Eu tinha as chaves do salão dentro do meu bolso, mas as portas estavam abertas, e ali - em meio à luz empoeirada daquela manhã - eu juntei as últimas memórias espalhadas em um canto qualquer. Não eram muitas, apenas pequenas coisas brilhantes, como estrelinhas de final de festa ou pedaços de balões. Foi o eco dos meus passos que me fez parar um pouco e observar o vazio.

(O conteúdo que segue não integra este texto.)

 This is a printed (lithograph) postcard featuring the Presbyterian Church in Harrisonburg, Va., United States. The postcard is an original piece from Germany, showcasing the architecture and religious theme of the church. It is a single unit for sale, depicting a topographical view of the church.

Lembro bem do chão de taco coberto de sinteco novinho, das paredes cor de pérola e da sanca percorrendo todo o teto, um detalhe que acrescentei na estrutura que depois - e aqui sorrio - foi uma feliz coincidência. Era um enorme salão, não de forma opressiva, mas como uma caixa de presente grande feita de concreto: as cortinas desciam como fitas nas janelas, e pouco a pouco, eu fui preenchendo os espaços com sentimentos coloridos, lustrando-os de esperança sempre que achava necessário e nunca esquecendo de manter a desordem num nível saudável.

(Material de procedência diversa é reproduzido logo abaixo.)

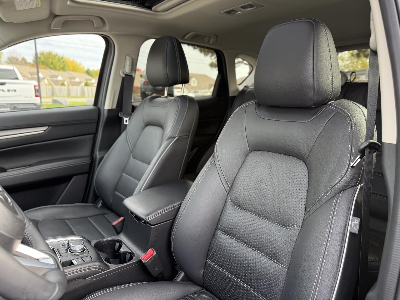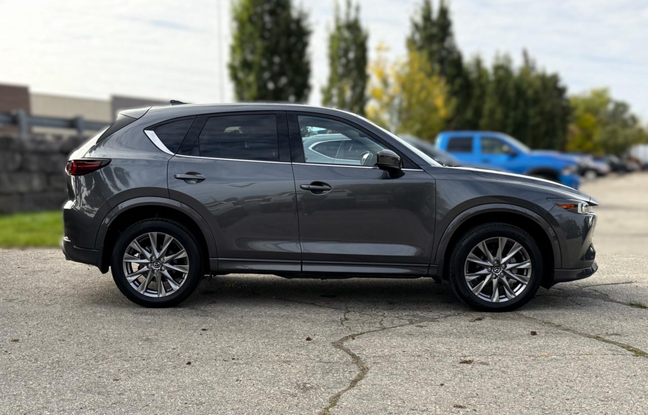 Our amazing One Owner, Accident-Free 2024 Mazda CX-5 GT AWD stands out from the crowd with an exquisitely sculpted Dark Grey design. Motivated by a 2.5 Litre 4 Cylinder providing 187hp connected to a 6 Speed Automatic transmission for responsive performance. This All Wheel Drive SUV also has G Vectoring Control Plus for premium handling, and it achieves approximately 7.8L/100km on the highway. The sophisticated design of our Mazda CX-5 gives it a distinctive appearance with a power sunroof, LED lighting, bright-tipped dual exhaust outlets, alloy wheels, a rear roof spoiler, and a power liftgate.

Não sei bem qual foi o meu erro, provavelmente nenhum, mas ali eu coloquei também um espelho na parede oposta às janelas, de forma que se fosse necessário encarar a minha posição em meio a tudo aquilo eu pudesse também ter a certeza de que mantive as cortinas abertas. Minha surpresa veio algum tempo depois, quando a exigência do convidado caiu sobre todas as coisas ali dispostas: as cortinas deveriam permanecer cerradas. E num espanto percebi que não seria possível ver o que eu colocara ali, com tanto cuidado, da forma como eu imaginava. Por mais que eu jogasse luz sobre os atos, sobre os objetos e todas as memórias, nada brilhava sob a lâmpada artificial de um desejo contido. Perdi, inclusive, minha referência no reflexo do espelho, e com isto perdi-me em momentos - tantos - que não entendia por não conseguir vê-los, nus, despojados de sombras e medos.

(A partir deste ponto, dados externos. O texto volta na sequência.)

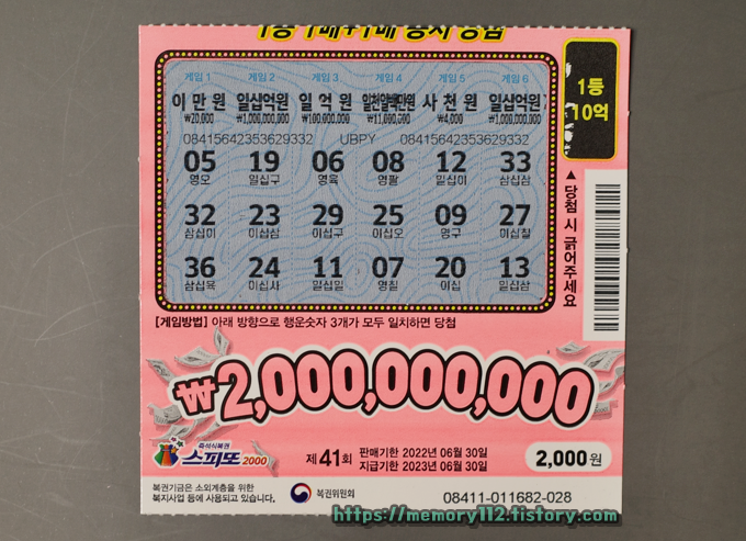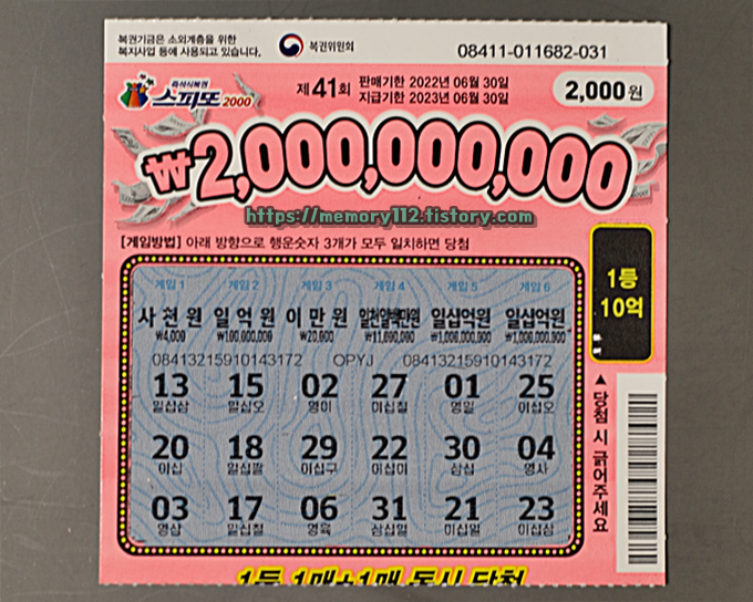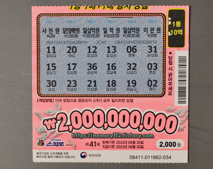 구매일은 좀 됐지만 1등 10억 복권이 모두 나온 상태에서 긁어보는 '스피또2000 41회차'. 구매 수량은 총 10장으로 복권 구매 비용으로 거금 20,000원이 지출되었습니다.

Quando alcancei as cortinas e forcei o Sol para dentro do salão, encontrei nele o silêncio. E vi no reflexo a perda em meus olhos; e deles ela escorreu para o chão mofando os últimos afetos.

Incapaz de reverter o processo, abandonei à própria sorte o espaço que demorei mais tempo para construir sobre o cotidiano de todos os pensamentos. E de refúgio seguro à abrigo inútil de mágoas severas, este lugar perdeu o contexto de si próprio.

Há no espelho um imenso pano branco que aos poucos amarela e, ainda hoje, retirei as cortinas dos trilhos; deixei a chave em algum lugar ali dentro, mas não sei onde e não pretendo encontrá-la. Ainda é cedo, mas já começo a tirar as portas e, quando der, construo na entrada uma nova parede.